WHAT NEEDS TO BE DONE - A stretch of the entries below is to be set down exactly, running from the line with "Yellow Gold Spider" through the line with "目前全国最高价为广东省,价格", both included, and no other line.

GIVEN RECORDS -
'''

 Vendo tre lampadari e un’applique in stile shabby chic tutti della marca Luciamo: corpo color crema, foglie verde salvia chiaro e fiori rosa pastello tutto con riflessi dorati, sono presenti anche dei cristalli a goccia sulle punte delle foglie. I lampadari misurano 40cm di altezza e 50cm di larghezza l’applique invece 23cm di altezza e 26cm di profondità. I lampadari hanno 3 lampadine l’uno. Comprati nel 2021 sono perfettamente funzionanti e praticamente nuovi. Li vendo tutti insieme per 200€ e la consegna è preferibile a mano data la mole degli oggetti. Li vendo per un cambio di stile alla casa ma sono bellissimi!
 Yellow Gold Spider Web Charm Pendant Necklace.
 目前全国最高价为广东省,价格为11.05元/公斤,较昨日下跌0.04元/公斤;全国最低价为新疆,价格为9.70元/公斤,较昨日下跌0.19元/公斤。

'''
'''

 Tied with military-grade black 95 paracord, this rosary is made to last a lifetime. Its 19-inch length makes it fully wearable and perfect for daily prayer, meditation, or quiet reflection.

'''
'''

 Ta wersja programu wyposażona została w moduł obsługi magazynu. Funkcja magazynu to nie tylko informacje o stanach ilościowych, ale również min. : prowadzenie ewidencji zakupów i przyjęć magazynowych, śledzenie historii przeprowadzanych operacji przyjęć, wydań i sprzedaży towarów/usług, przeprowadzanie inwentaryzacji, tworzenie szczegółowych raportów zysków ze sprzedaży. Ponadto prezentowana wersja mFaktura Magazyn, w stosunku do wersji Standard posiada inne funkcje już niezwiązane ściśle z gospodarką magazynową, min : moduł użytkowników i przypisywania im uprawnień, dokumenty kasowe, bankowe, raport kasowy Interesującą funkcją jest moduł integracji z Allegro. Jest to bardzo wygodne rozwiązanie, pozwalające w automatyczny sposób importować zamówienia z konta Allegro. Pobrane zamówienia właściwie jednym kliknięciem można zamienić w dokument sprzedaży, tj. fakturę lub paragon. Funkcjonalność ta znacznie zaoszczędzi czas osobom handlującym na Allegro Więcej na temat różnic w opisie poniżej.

'''

YOUR RESPONSE -
 Yellow Gold Spider Web Charm Pendant Necklace.
 目前全国最高价为广东省,价格为11.05元/公斤,较昨日下跌0.04元/公斤;全国最低价为新疆,价格为9.70元/公斤,较昨日下跌0.19元/公斤。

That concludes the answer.